Experts are clear that government cannot address obesity and unhealthy eating without increasing regulation on the food industry.
After studying the question in depth, a cross party committee in the House of Lords demanded that the Government should develop a comprehensive, integrated long-term new strategy to fix our food system, underpinned by a new legislative framework. This is the key conclusion of the Committee’s report.
Over the last 30 years successive governments have failed to reduce obesity rates, despite hundreds of policy initiatives. This failure is largely due to policies that focused on personal choice and responsibility out of misguided fears of the ‘nanny state’. Both the Government and the food industry must take responsibility for what has gone wrong and take urgent steps to put it right.

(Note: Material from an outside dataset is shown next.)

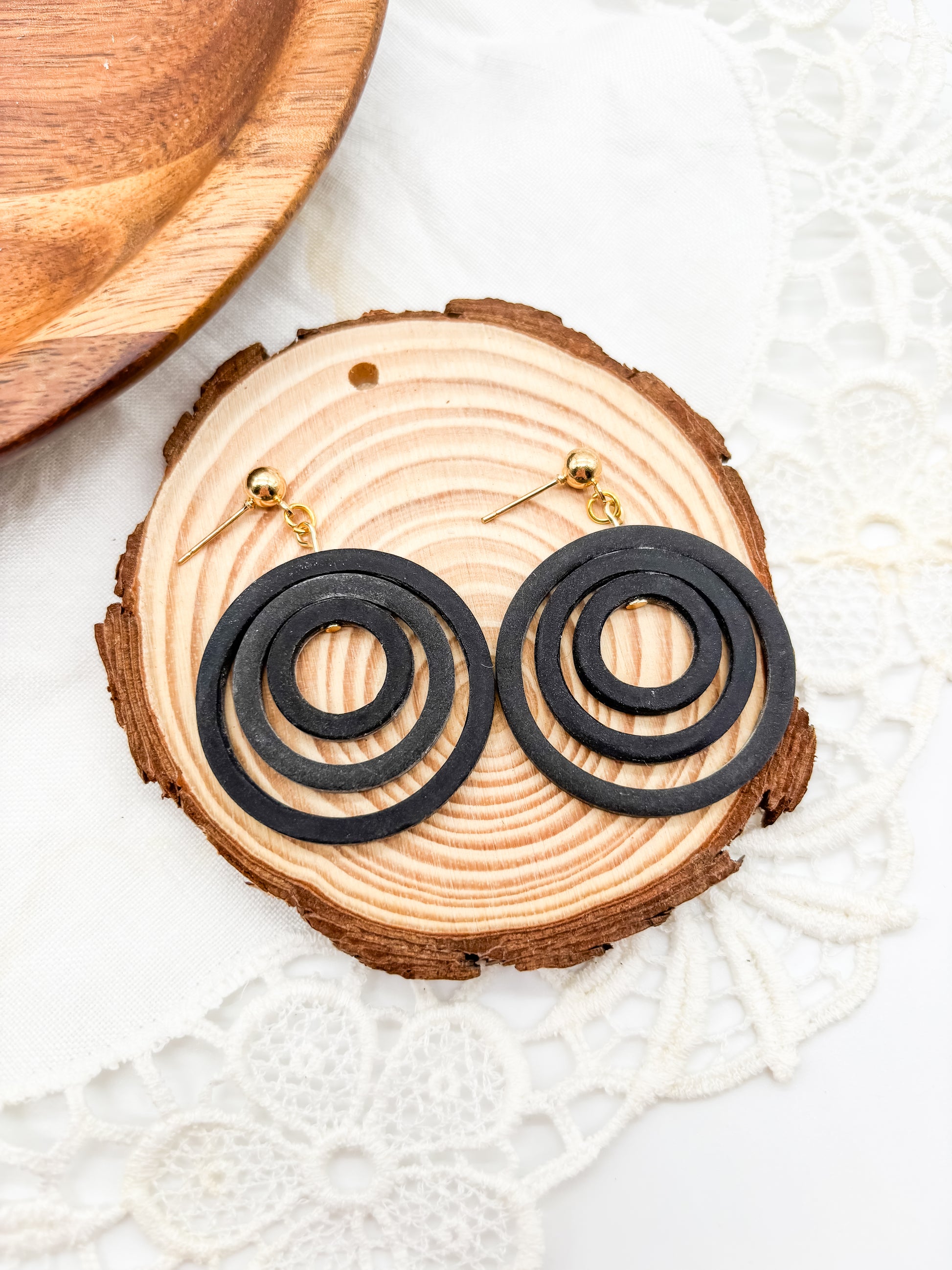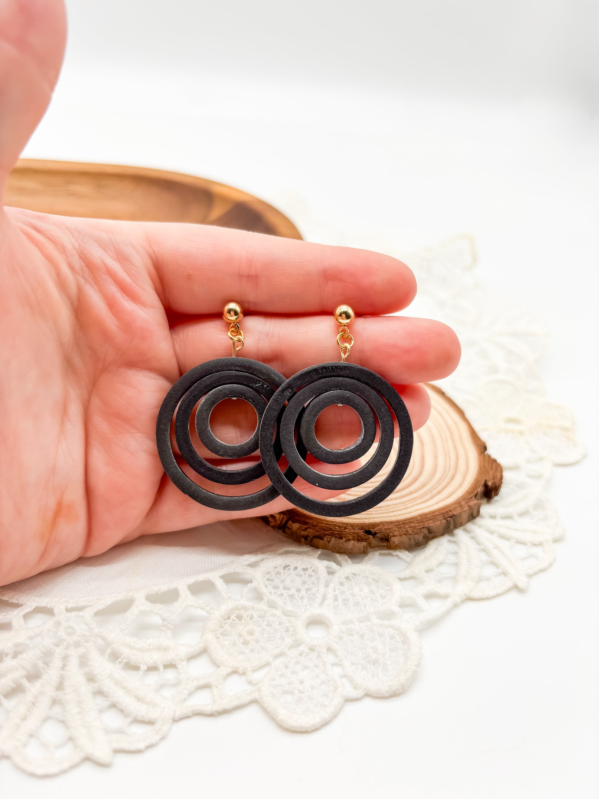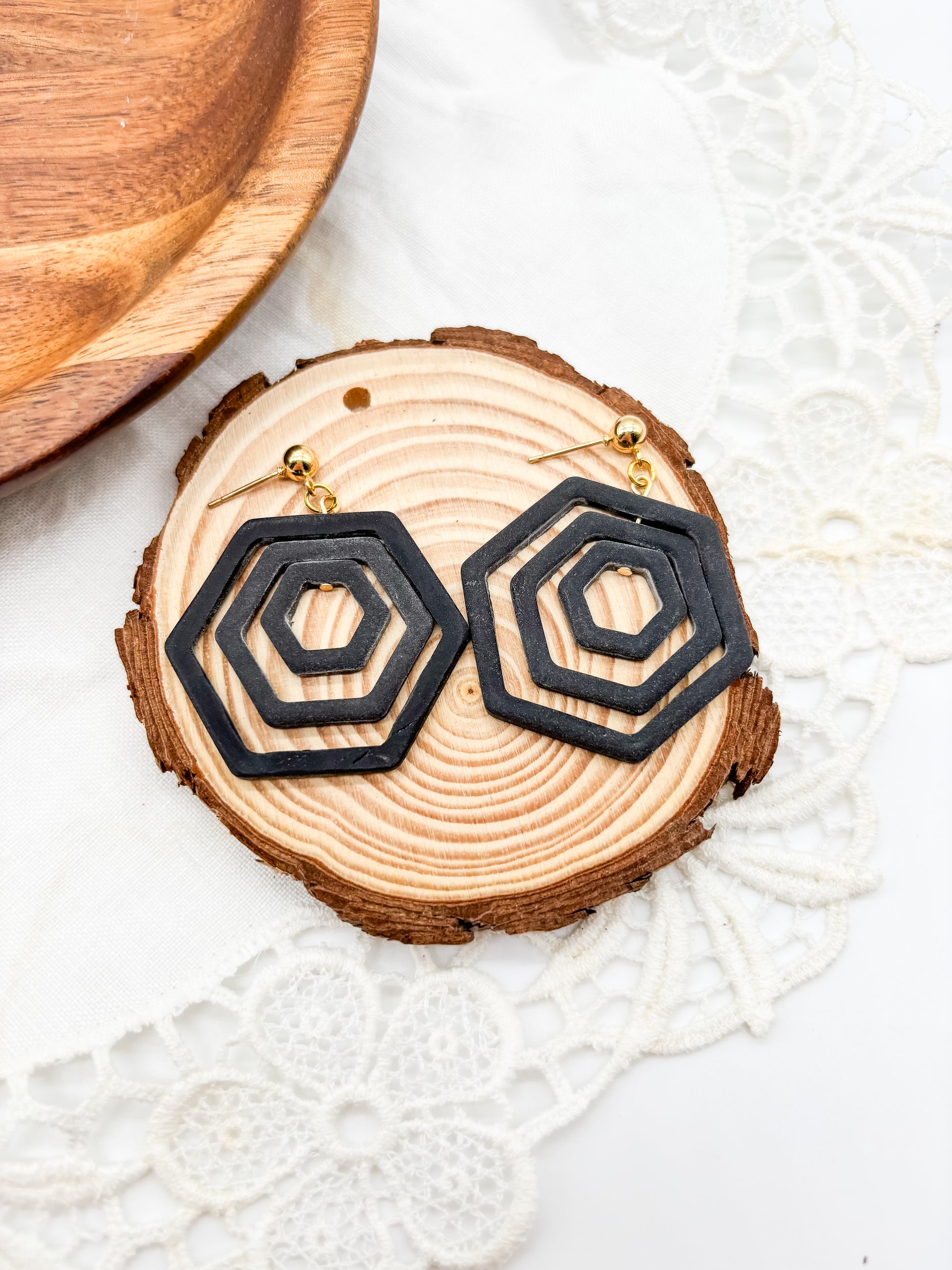 Effortlessly spin your stress away with our cute Hexagon Spinners in black. Made of three sizes of polymer clay hexagons, these spinners provide a fun and whimsical look to any outfit.

Its recommendations include stronger regulation by empowering the food regulator – the Food Standards agency – to have full oversight of the food system.
There is a difference between mindless red tape and a clear framework of rules which incentivises competition by companies towards desirable social outcomes. My colleague Michael Solomon of Responsible 100 calls it a Race to the Top.
The right regulation ends up saving costs and excessive red tape. Obsessively pursuing deregulation achieves the opposite. Remember the Grenfell Tower Inquiry, and the evidence that the introduction of a more relaxed regulatory regime weakened the protection that might have prevented the tragedy.
Look at the 1974 Health and Safety Act, which set a clear framework within which industry knew it would have to work long term.
Having five missions is not enough. Government needs a convincing, connected vision of the economy and society it is working towards, a story of the interconnected progress that the government is working towards, and a realism in the targets its sets and the expectations it raises.
So if the watchword is to be JFDI, let’s change the acronym so that it reads Just Focus on Delivery Interconnectedly!
Mark Goyder is the Founder of Tomorrow’s Company and Senior Advisor to the Board Intelligence Think Tank. He is the co-author, with Ong Boon Hwee, of Entrusted – Stewardship For Responsible Wealth Creation, published by World Scientific.